Last month, I was in Paris for a few days visiting my daughter, Hava. While there, late at night, I wandered into a kosher pizza store in a hole in the wall in the Marais, the older Jewish neighborhood of Paris. There were a few small tables, some old salt and pepper shakers, a picture of the past Lubavitcher rebbe and the comforting smell of cooking pizza. No one spoke English, only French and Hebrew. The owner/pizza baker behind the counter was an elderly man with a long curly beard, big black kippa and white flour dusting him from head to toe. The pizza shop was empty save for one Sefardic-looking local man eating several personal pizzas for dinner.
I ate my pizza slice and went to pay, but the baker told me in Hebrew that he did not take credit cards. I had no cash and told him I would find an ATM. After scouring my phone for a couple minutes to locate one, he told me that the other man in the restaurant would pay for me. I was surprised and replied that I could get money. But waving me off, he exclaimed in Hebrew, “Tzedakah is not only for the needy, it is for the wealthy also.” The Talmudic profundity of the line and kindness which so easily rolled off of them—there, in the middle of the night, in the hole in the wall of too-thin pizza crust—charged the floured air around us with poignancy and holiness. I thanked them and exclaimed in Hebrew, “I guess there are Mitzvot all around us here in the middle of the night in Paris.” Then I told them that I would, “pay it forward,” and give some tzedakah myself soon.
Last week I was in Israel.
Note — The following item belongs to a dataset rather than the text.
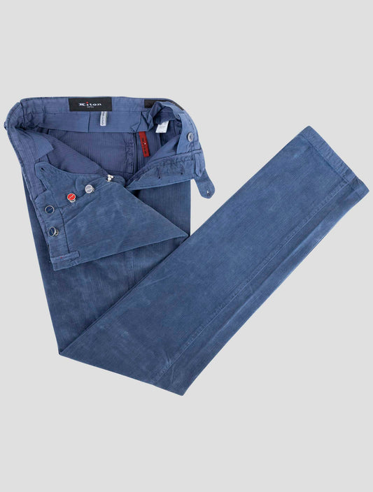 Kiton Blue Cotton Velvet Dress Pants - Handmade Italian Trousers

Walking through the Jaffa Gate into Mamilla from the Old City, a Jewish man in his early 30s asked me for money. We talked in Hebrew. He said that he had several children and was in financial need. He showed me his Israel ID card, his teudat zehut. I told him I did not have cash and I thought that would be the end of it, but he was persuasive and alerted me to several ATM’s nearby. There was something about him which made me think he did indeed need the money—after all, no one spends their time begging if they don’t need to.
I acquiesced and we walked together toward the ATM. On the way, I asked if he worked, to which he replied that these days it was hard to find work. I responded that I was under the impression that with so many away at war there was a lot of work to be done. He said something about a job he had, which sounded like piecemeal manual labor, but that it was not available until closer to Passover.
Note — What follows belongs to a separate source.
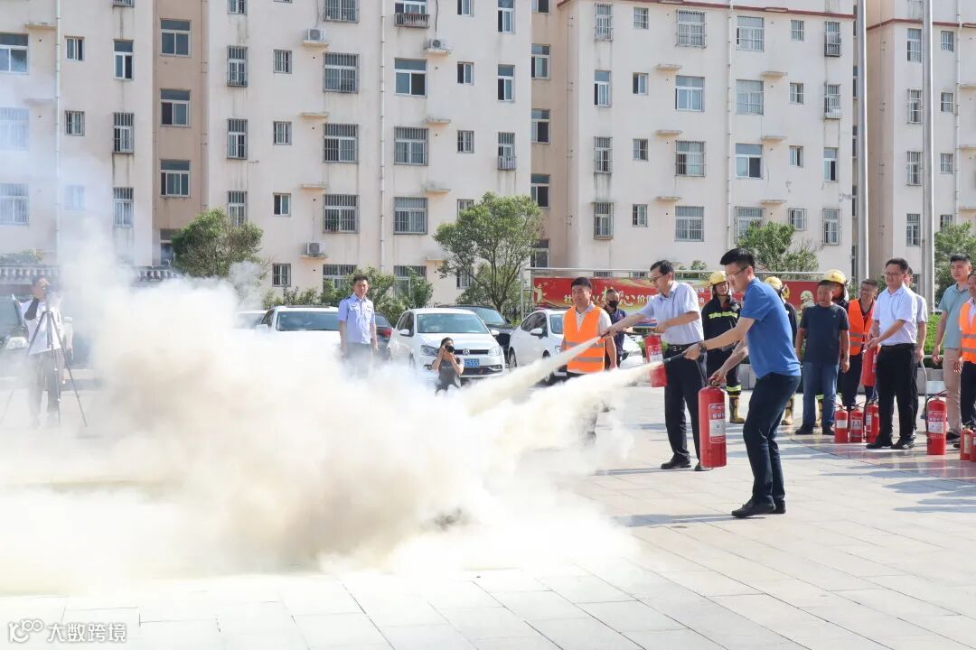在灭火器使用实操演练中,专业技术人员讲解了灭火器的原理和使用方法,并指导人员进行实际操作,对预设火焰进行扑灭,通过实战促进了消防技能提升。

Standing at the ATM, I debated in my mind about how much to give him and decided on an amount slightly higher than I normally would. After all, I was an American visiting a country at a time of difficulty whose citizens are in pain. This was a time for generosity, for helping each other. I gave him the cash and he was very happy. He asked me if my children were married and I told him they were not, after which he responded with what seemed like a heartfelt blessing for them to find their bashert. I then blessed him with strength and success. He blessed me again and I blessed him and then we together we blessed the Jewish people and its future. Then he hugged me and I exclaimed in Hebrew, “200 shekels for such blessings is a bargain!”
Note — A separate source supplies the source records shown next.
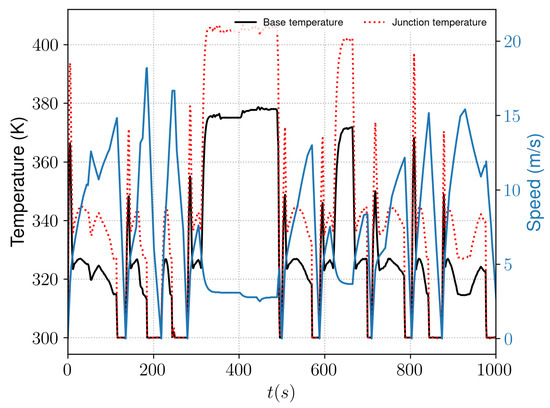 Figure 11 shows the temperature increase at two different positions of the flat plate, modeling the interaction between the bottom of the IGBT and the air. The variations are important, related to the variations of thermal losses and speed, shown before. In particular, when the speed decreases and the losses are high between 300 s and 500 s, the surge in temperature is significant, approximately 70 K at the more downstream position. At the same time, the air resistance increases abruptly with the decrease in speed and when the losses are largest: the heat loss is not as well dissipated and the temperature subsequently increases.
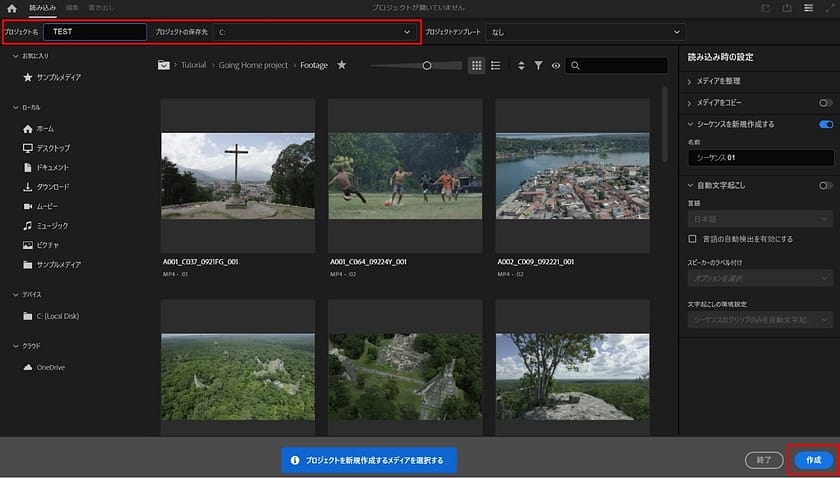 2.プロジェクト名を入力後、保存先を指定し、右下の「作成」ボタンを選択します。
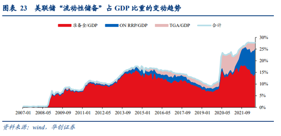 首先,理论上来说,由于ON RRP与TGA并不改变美联储的资产负债表规模,只改变负债端结构。简单说,ON RRP与TGA余额的扩大并不会带来美联储更多的流动性储备——非银机构与财政部即便不直接与美联储进行交易,也会间接带来银行存款提升并带来准备金规模提升,因此ON RRP与TGA只改变了市场流动性以何种形式存在于美联储。因此单独以当前ON RRP与TGA余额高来判断缩表对流动性冲击较小是不全面的。

These moments of connection between Jews leave me with a deep sense of the familial nature of our people. These are the holy moments, when we recognize the image of God in each other and the deep sense of connection between us as Jews and as brethren.
Was he for real? Did he have children? Was he needy? Did he need to buy drugs? Food? Nothing? It really did not matter. What mattered was the spiritual gift that such a moment brings, whether at midnight in Paris or in the sunlight outside the Jaffa Gate. We are indeed one people with one heart.
May Hashem bless the moments of sanctity and charity between us and bring peace, speedily in our days.